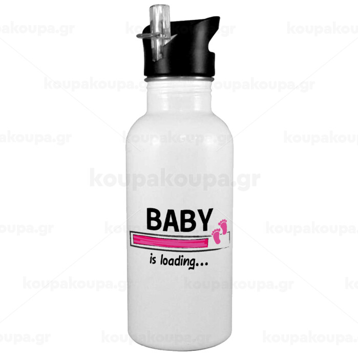Baby is Loading GIRL, Παγούρι νερού Λευκό με καλαμάκι, ανοξείδωτο ατσάλι 600ml
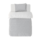 8. Funda de plumón 1 Plaza 150 x 240 cm: Funda plumón, diseño por una cara, reverso liso con cierre invisible en la parte inferior + 1 funda de almohada 70 x 50 cm con cierre invisible. No incluye rellenos.
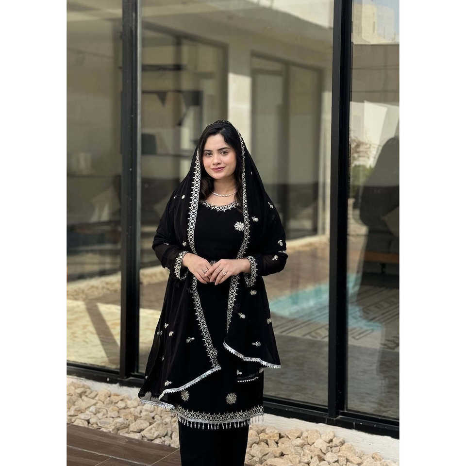 Conjunto de ropa de fiesta de diseñador para mujer Top elegante Plazzo y hermosa Dupatta

▸ **WORK ORDER**: Print the data exactly as written, dropping any images it holds.

▸ **ANSWER TO THE PROBLEM**:
Baby is Loading GIRL, Παγούρι νερού Λευκό με καλαμάκι, ανοξείδωτο ατσάλι 600ml
 8. Funda de plumón 1 Plaza 150 x 240 cm: Funda plumón, diseño por una cara, reverso liso con cierre invisible en la parte inferior + 1 funda de almohada 70 x 50 cm con cierre invisible. No incluye rellenos.
 Conjunto de ropa de fiesta de diseñador para mujer Top elegante Plazzo y hermosa Dupatta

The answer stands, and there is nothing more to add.